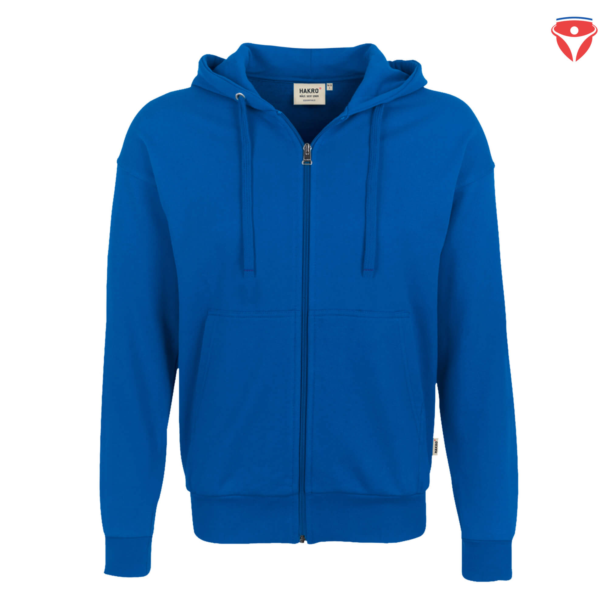 Sportive Kapuzen-Sweatjacke mit hochwertigem Reißverschluss von YKK®, gefütterter Kapuze mit Kordel und hochwertigen Metallösen von YKK®, formstabilen Rippstrickbündchen mit LYCRA®-Anteil, nicht angerauter Innenseite (French-Terry), Einschubtaschen und Nackenband. Hergestellt aus pflegeleichter Baumwolle-Polyester-Mischung für höchste Ansprüche. Gewebtes HAKRO Necklabel aus hochwertigem Kettsatin mit weichen, ultraschallgeschnittenen Bandkanten für höchsten Tragekomfort und gewebtes HAKRO Flaglabel an der linken Seitennaht.
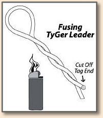This nylon coated braided stainless steel leader material comes in a range of sizes, from spidery .006" 2 lbs all the way up to .037" 120 lbs. Designed for use for the fishing for toothy critters, in both freshwater and the salt, this remarkable leader material is surprisingly supple and can accept most kinds of knots we associate with mono leaders. However, the really cool thing is the ease with which bulletproof loops can be fashioned. "Simply loop the material, and introduce some twist, locking the parallel strands together. Next fuse the twisted strands with the use of a lighter flame. (see illustration)"
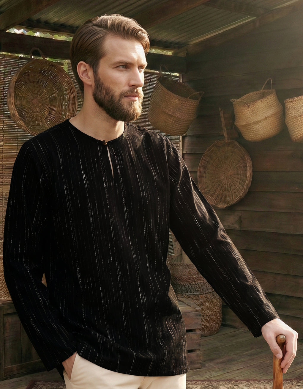 Elevate your style with premium cotton regular fit round neck kurta. The matched coloured buttons and long sleeves add a touch of sophistication, while the side pockets provides functionality and fashion. Perfect for any occasion, this kurta effortlessly combines comfort and elegance.
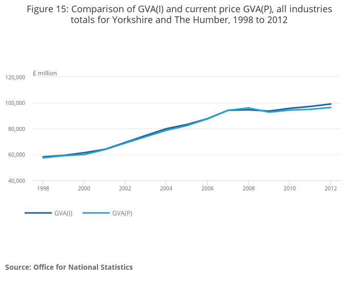 Figure 15: Comparison of GVA(I) and current price GVA(P), all industries totals for Yorkshire and The Humber, 1998 to 2012
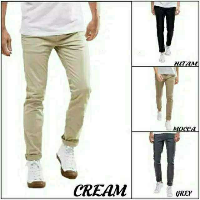 Celana Chino Panjang Pria 26 - 36 | Chino Slim Cowok Cream
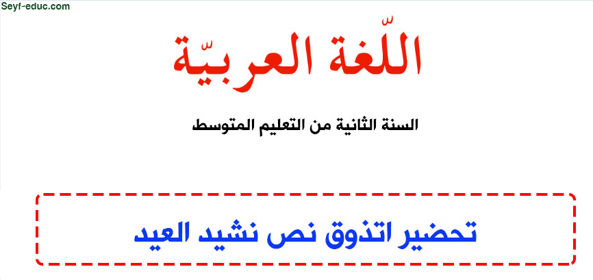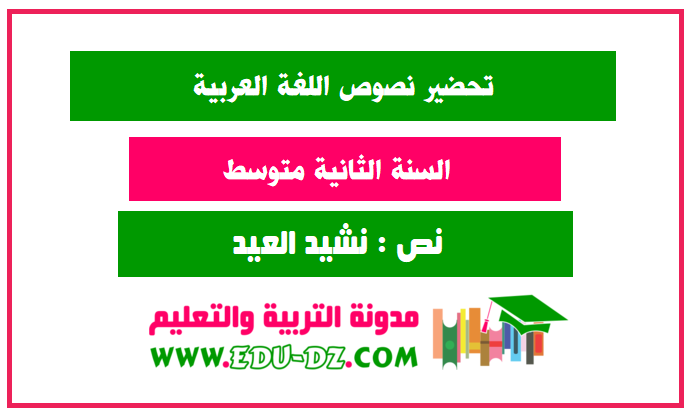 تحضير نص نشيد العيد للسنة الثانية متوسط الجيل الثاني
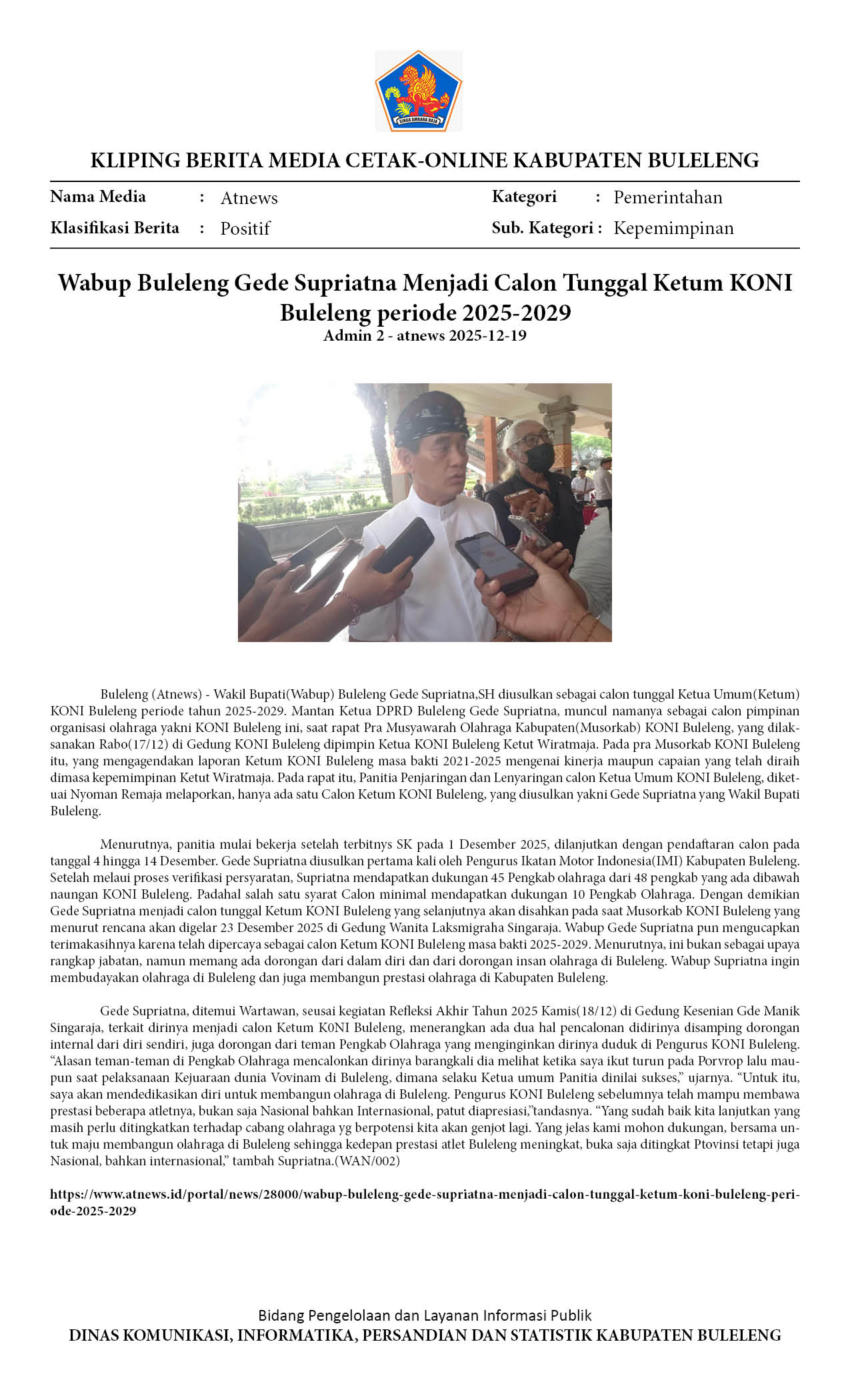 WABUP BULELENG GEDE SUPRIATNA MENJADI CALON TUNGGAL KETUM KONI BULELENG PERIODE 2025-2029
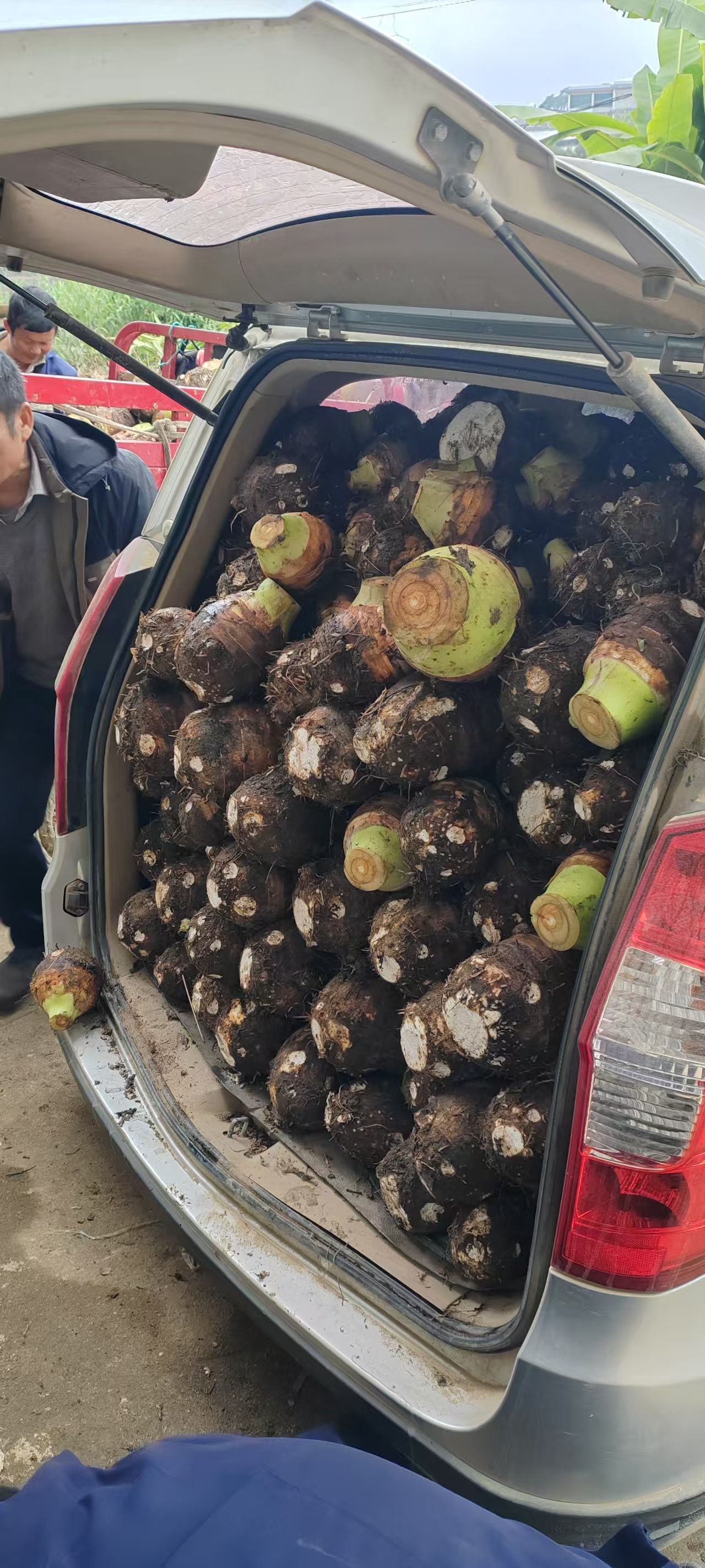 (图为种植户装车运水芋到收购点)
----------
TASK GOAL:
Each line from the one containing "Celana Chino Panjang" through the last line of the listing must be copied exactly, and the pictures must not be.

SOLVED EXERCISE:
 Celana Chino Panjang Pria 26 - 36 | Chino Slim Cowok Cream
 تحضير نص نشيد العيد للسنة الثانية متوسط الجيل الثاني
 WABUP BULELENG GEDE SUPRIATNA MENJADI CALON TUNGGAL KETUM KONI BULELENG PERIODE 2025-2029
 (图为种植户装车运水芋到收购点)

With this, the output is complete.